Unless the people at the King Street Station have changed, you're going to be pleasantly surprised at how they handle things. The last time we stopped there (2009) we checked our luggage, and they *OFFERED* to hang on to our carry-on so we could wander around. I said that would be great, and one desk agent literally RAN over to get a cart, pushed it back and said: "Here. Just put your carry-on on here and we'll keep it safe. Before you go to the boarding area before departure, just stop by here and pick it up. Here's a a claim check." It was that simple. And what really floored me was that when I offered a tip, she said: "Oh no. That's just part of our job." That has happened twice now in Seattle. These people in Seattle are delightfully different than what we usually see further east. 

Our arrival also had an equally pleasant and surprising outcome, but that's another story.


----------



## PA Traveler (Feb 9, 2011)

We left luggage at the Seattle station last September for about for or five hours before we had to pick it up to take the light rail to pick up a rental car at Seatac. There was absolutely no problem with doing it.


----------



## The Chief (Feb 9, 2011)

Like *ThayerATM* and *Exiled in Express* noted earlier in this post, I give props to the guys and girls in Seattle's *King Street Station* baggage department. I've ridden the *Builder* out of there several times, and always had to check out of my hotel midday. I go directly to the station, leave my bag(s) at the baggage counter, and they take care of the rest. That op could be the gold standard of the system.

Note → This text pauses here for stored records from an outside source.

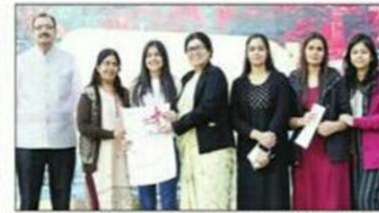
विजेता छात्रों को सम्मानित करते प्रबंधन समिति के लोग।
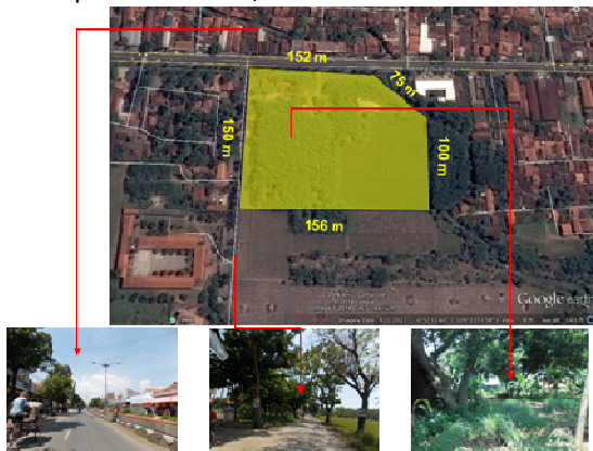
Gambar Lokasi Tapak

Lokasi tapak berada di Jl. Jendral Sudirman, Wanarejan, Pemalang. Luas tapak adalah ±2,5 Ha.
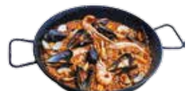
Paella di pesce e frutti di mare 22,95€
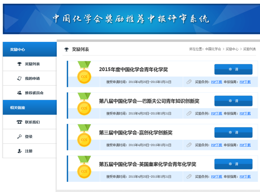
图 1 奖励申报页面

选择拟申报奖励，点击下载“奖励条例”和“申报指南”，仔细阅读并准备好相关材料后，点击“我要申请”（图 1）。
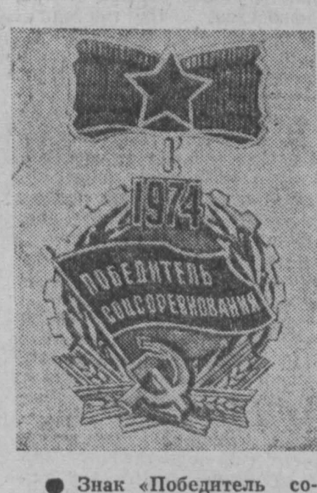
Знаком «Победитель социалистического соревнования 1974 года».
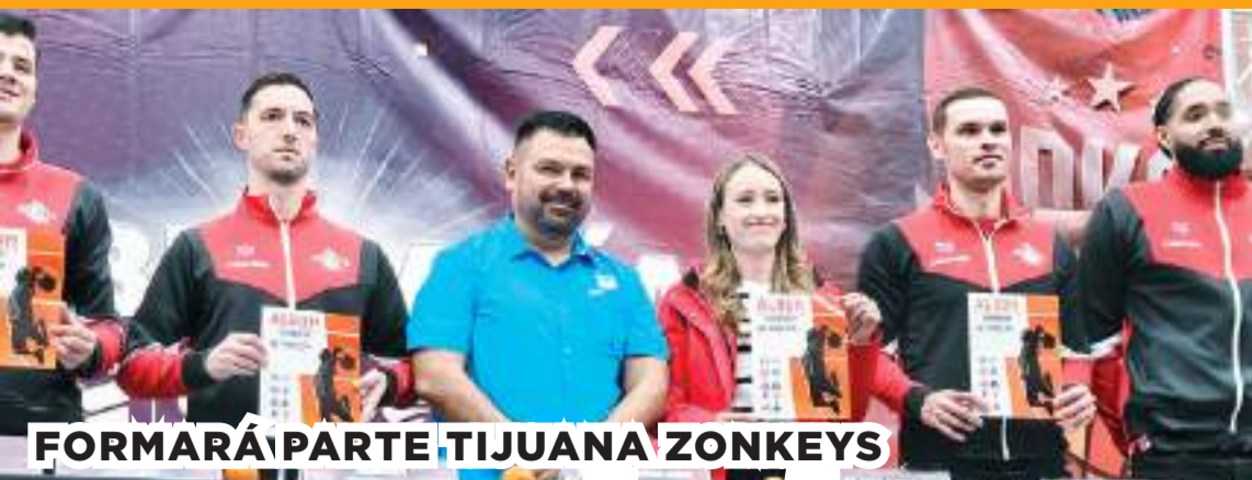
FORMARÁ PARTE TIJUANA ZONKEYS
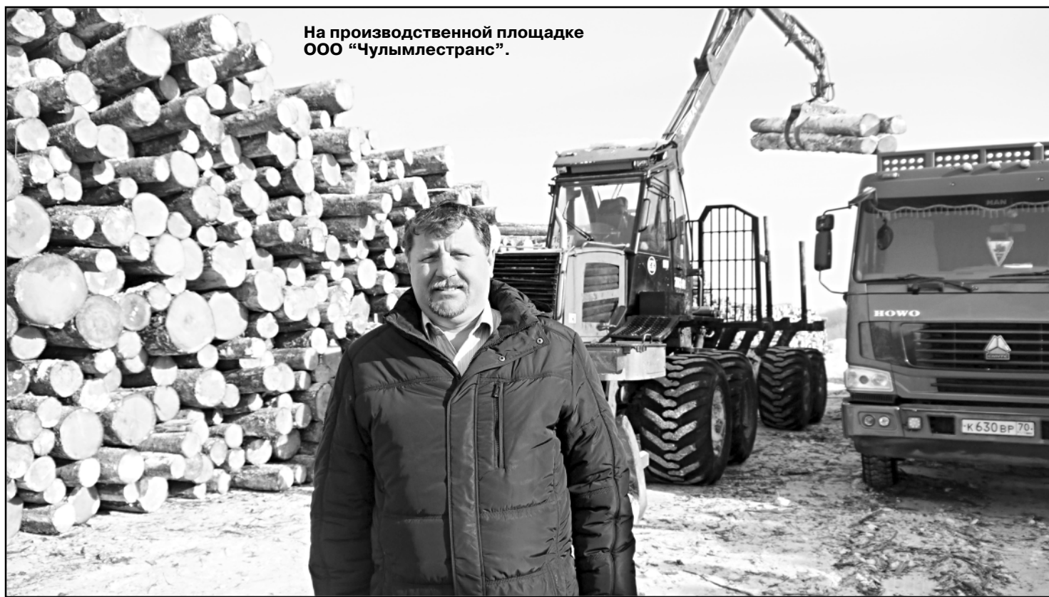
На производственной площадке ООО «Чулымлестранс».
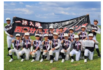
▲西国分ウエストナインズ：小学 2 年生以上対象

久留米市では、7 つのクラブが連絡協議会として毎月会議を行いながら、市や県の行政と連携し、30 万人の久留米市民のスポーツ・健康・生活ライフに関わるいろいろな方面でのお手伝いをさせていただいています。更に、ここ数年はパラスポーツでもある障がい者スポーツに力を入れ、体験会や教室等を行っています。今後、健常者も障がい者も一緒に活動できる共生社会や多大の垣根をなくした自由なスポーツ活動ができることを目指しています。今後、クラブが地域のみなさんにたくさん愛され、地域のみなさんたちの手で運営できるようなクラブへとになっていける様、願っています。
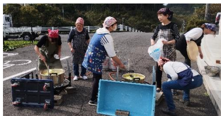
健康づくり隊の豚汁協力

*RailFanLNK*, there are *King County Metro Transit* bus stops outside *Safeco Field* on 1st and 4th Avenues, and it's a 5-7 minute bus ride, so a bus to King Street Station is another option. Or a taxi. Who do the Mariners play in that day game?

And I think any marriage that starts of with a day at the ballpark and an *Amtrak* trip is bound for success -- as long as your bride-to-be is not a Red Sox fan,,,HA! Congrats! Does she have a like-minded single sister or maid of honor?


----------



## hello (Feb 9, 2011)

_Thank you all for the reassuring comments. I think checking the carry-ons for a few hours, and then picking them up before we board would be best._

_ _

_I was surprised to find out that a lot of the Seattle deli/coffee shop type places, around the station are closed on Sundays ... disappointing!_

_ _

_There must be something in that Northwest air ... the PDX luggage and Metropolitan Lounge attendants are ALWAYS great ... one gentleman, I think his name is Frank, is happy and pleaseant to everyone as they walk in._


----------



## Kelli Krause (Jun 5, 2012)

does the current construction affect the baggage storage area?


----------